Last night, I was upset Scott was going out. I was really wanting to spend some time with him, hoping to re-bond. After all, he did say he still loves me and wants to stay together. I made it pretty well known that I didn't want him to go, and if he did, it would be only more assurance that it's over. His excuse was we'll be together all weekend and he was only going out for a couple of hours. I went and got in bed and started crying. He asked me if I was okay and I started yelling at him that he continuously wants to go out and party instead of spending time with me.

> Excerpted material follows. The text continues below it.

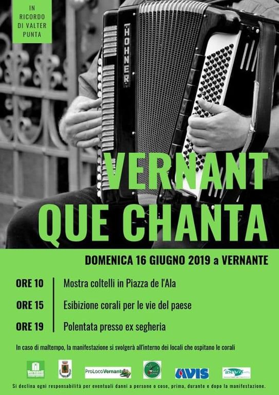“Vernant que chanta” nasce nel 2010 per iniziativa della consulta giovanile, con l’intento di dedicare un’intera giornata ai canti popolari e mantenere vive le antiche tradizioni.

He ended up calling Alex and saying that I was ready to divorce him over going out so he should probably stay in. I told him that's not what I said and it's his choice to go out or not. If he wound rather go out again than be with me, then go out. Then he told Alex that I was letting him go out and was going. Then he asked me, "so I can go?". I didn't respond. He tried putting me on the phone with Alex and I yelled at him that I don't want to fucking talk to Alex! After that, he told Alex that he really shouldn't go.
When he got off the phone, he got in bed with me and put his arms around me. Almost as soon as he did, Adi woke up screaming. That woke Jaden up. I started crying again and went upstairs to deal with them. I tried getting Adi to quiet down but she kept crying. I left her for a couple minutes to calm Jaden down and she started screaming louder. I had a total meltdown. I slammed both the doors to the kids' rooms, walked into the living room, and threw a chair across the living room. Scott heard the commotion and ran upstairs to see what happened. I was collapsed on the couch with my hands over my eyes. He told me he would take care of Adi. Apparently, she had to go potty and that's why she was screaming. I caught my breath, wiped away my tears, and picked up Jaden to take him to bed with me.

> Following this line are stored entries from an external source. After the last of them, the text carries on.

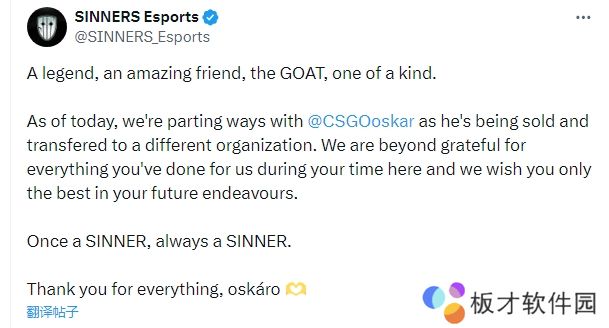“非常感谢你在这里的努力与贡献。祝愿你未来一切顺利,”SINNERS在社交平台上表达了对oskar的感谢。
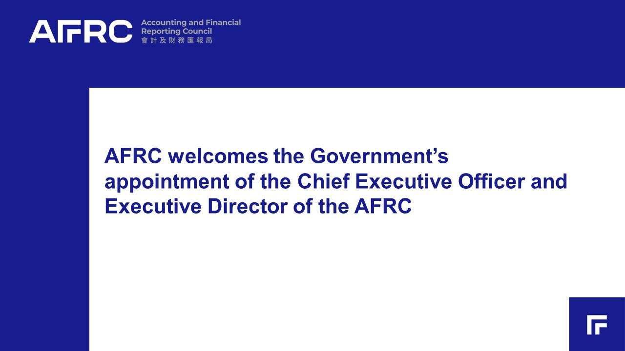 The Accounting and Financial Reporting Council (AFRC) welcomes the Chief Executive’s appointment of Ms Lai Chui-pik Janey as the Chief Executive Officer (the CEO) and Executive Director of the AFRC for a term of three years from 9 April 2024 to 8 April 2027.
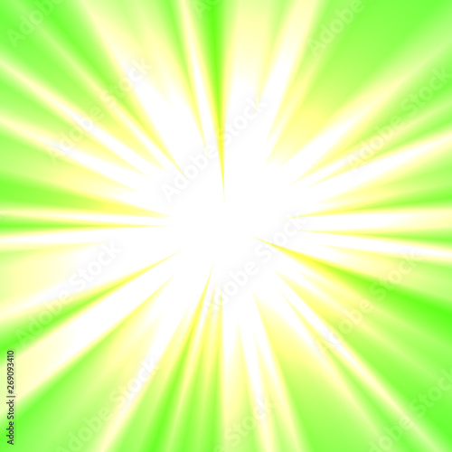 © PaulSat, Obraz premium Abstract white and yellow light rays with green background illustration. Power, energy concept
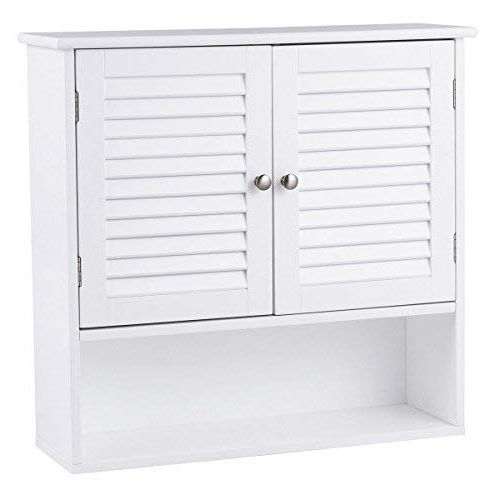 White Wall Mount Bathroom Cabinet with Louver Doors and Metal Knobs White Wall Mount Bathroom Cabinet with Louver Doors and Metal Knobs White Wall Mount Bathroom Cabinet with Louver Doors and Metal Knobs

After Scott got Adi back to sleep, he got in bed with me and started kissing me. We ended up making love, and I mean with real emotion. I was so emotionally charged from this past week. I was thinking that this could be the last time, depending on how things go from here. We fell asleep naked, holding each other. I don't fully trust that things are going to improve, but I put my wedding ring back on in the middle of the night.

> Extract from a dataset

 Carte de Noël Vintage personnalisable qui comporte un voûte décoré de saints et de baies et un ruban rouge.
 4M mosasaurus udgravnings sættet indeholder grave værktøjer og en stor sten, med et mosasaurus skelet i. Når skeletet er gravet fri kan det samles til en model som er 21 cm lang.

This morning, I told him I was so glad he chose to stay home with me last night. He said that he would have only been gone a couple hours and I would have been fine. I tried to explain that I was not fine, by any means. I was not in a mental state to be taking care of the kids while he went out. He asked if I would have hurt them. I don't think I'd ever hurt them, but I might have walked away and left them screaming for awhile. I don't really know what I would have done except what I had to. Still, I don't think his priority should be going out when I'm feeling that sad. I told him I want to be with someone who won't go out when I'm sad, sick, or just really needing him.